Obama became more serious during his sophomore year, taking dense philosophy courses, becoming involved with the Black Students' Association and a campaign to divest funds from apartheid South Africa. He got his first taste of the allure of public speaking at a rally for the anti-apartheid campaign, where he played the role of an activist giving a speech in a piece of street theater. After a few opening remarks, white students dressed in paramilitary uniforms were to come on stage and drag him away. As it happened, after he got through his opening remarks:I stopped. The crowd was quiet now, watching me. Somebody started to clap. "Go on with it Barack," somebody else shouted. "Tell it like it is." Then the others started in, clapping, cheering, and I knew that I had them, that the connection had been made....
According to the Los Angeles Times, Obama's main political interest in 1980 and 1981 while at Occidental was the anti-Apartheid movement:
Though some express surprise at his current prominence, classmates recall a slim, good-looking teen with a moderate Afro, a taste for Casa Bianca's Hawaiian-style pizza (pineapple and ham) and a role in protesting college investments in firms doing business in South Africa during the apartheid era.
He and others recall a strong speech Obama made at a campus rally urging South Africa divestment. Obama, in his book, considered that a big moment: "I figured I was ready, and could reach people where it counted," he wrote. "I thought my voice wouldn't fail me."
This video made by the Boston Globe discusses in greater detail Obama's political involvement with the anti-Apartheid movement in 1981. After getting his bearings during his first year at Occidental, he took a political turn as a sophomore:
Obama had been somewhat rudderless when he first arrived on campus.

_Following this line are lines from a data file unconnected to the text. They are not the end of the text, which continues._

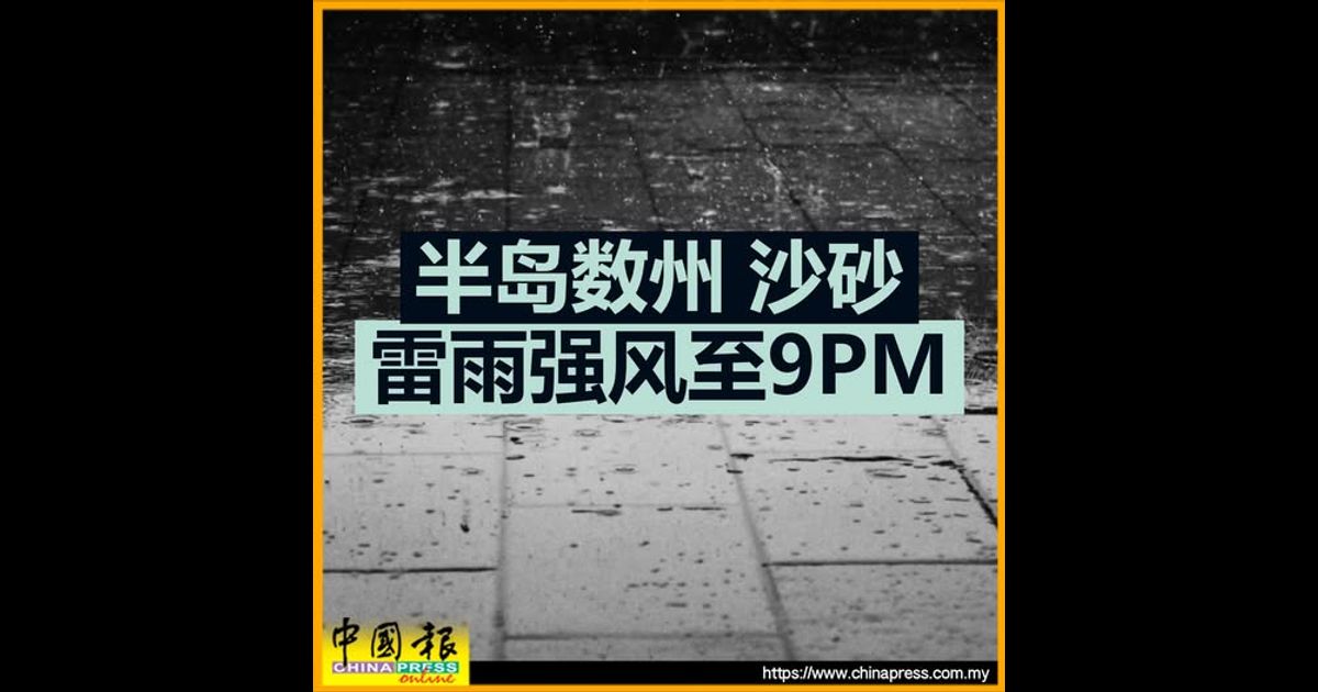(吉隆坡15日讯)半岛数州和沙巴及砂拉越数个地区将迎来雷雨和强风,持续至晚上9时。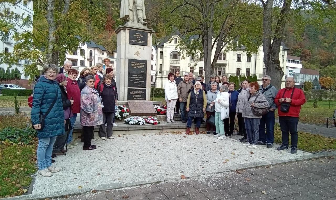 Posledným miestom, ktoré sme navštívili na spomienkovom zájazde, boli Rajecké Teplice. Pamätník so sochou partizána je umiestnený v kúpeľnom parku. Počas oslobodzovacích bojov v Trenčianskych Tepliciach padlo 8 partizánov a 20 civilistov.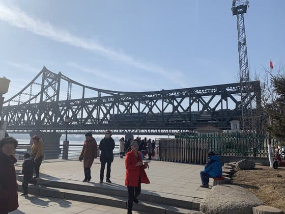중국 단둥과 북한 평안북도 신의주를 잇는 압록강 철교를 지나는 열차의 모습. 신경진 특파원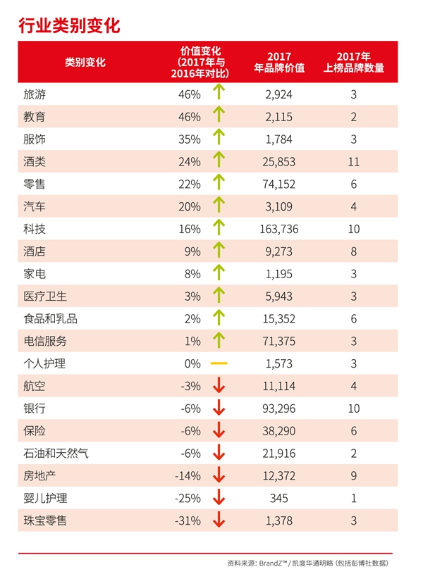 中国正向消费导向型经济转型,针对城市中产阶级的产品和服务品牌表现尤其出众。教育及旅行社行业以46%的增速成为增长最快的行业。但就品牌价值的绝对增长额度而言,大体量行业更为领先,上升最大的科技行业总品牌价值增长了226亿美元(+16%),零售行业增长了132亿美元(+22%)。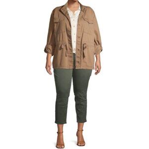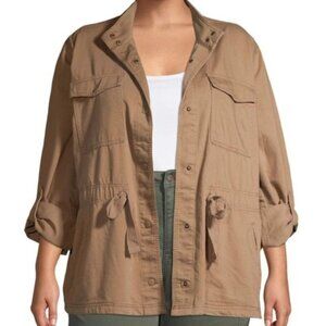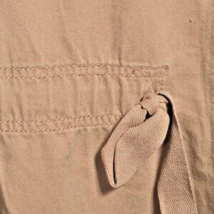 Features snap-front closure, 3/4 sleeves with roll tan accent, two front slash and flap pockets, and drawstring at waist. Unlined. ~29”. Cotton.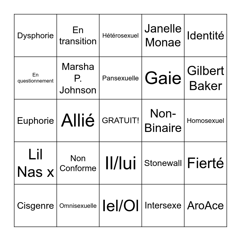 This bingo card has a free space and 24 words: Non Conforme, Omnisexuelle, Pansexuelle, Cisgenre, Identité, Dysphorie, En questionnement, En transition, Non-Binaire, Il/lui, Gaie, Euphorie, Stonewall, Fierté, Marsha P. Johnson, Intersexe, Homosexuel, Hétérosexuel, Gilbert Baker, Allié, AroAce, Lil Nas x, Janelle Monae and Iel/Ol.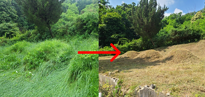 잡초가 너무 억세고 길어서 벌초하는 내내 힘드셨을 텐데 최선을 다해 완성도 높게 작업해 주셔서 감사합니다.가격도 너무 합리적이어서 고수님께 부탁하길 잘한 것 같아요. 다음에도 부탁드릴게요! 작업 사진으로 이미 설명이 다 되네요. 너무 고생하셨어요!

He gained a sense of direction in his sophomore year [i.e. late 1980 through mid-1981] when he joined a student campaign to push the college to divest from South Africa on account of the Apartheid policies of the white minority government. "That group of students remains, in my mind, one of the most serious groups of students to have gone through Occidental College. The [South African] divestment movement was to the '70s and '80s what civil rights, the anti-war movement and the women's movement were to the '60s."
This article about Obama on the Occidental College Web site also reveals how Obama was deeply involved in the anti-Apartheid movement there:
Almost 30 years ago, he was a freshman from Honolulu living in Haines Hall, playing pick-up basketball and developing a reputation as a campus activist. Today, Barack Obama '83 is a Democratic presidential hopeful...
According to Obama, who then went by the name of Barry, it was his involvement in the South African divestment movement at Occidental that first set him on his current path. "I got into politics at Occidental," he said in a 2004 interview with Occidental magazine. "I made a conscious decision to go into public policy."
It was a decision that eventually led him to transfer to Columbia University - "the idea of being in New York was very appealing," he says...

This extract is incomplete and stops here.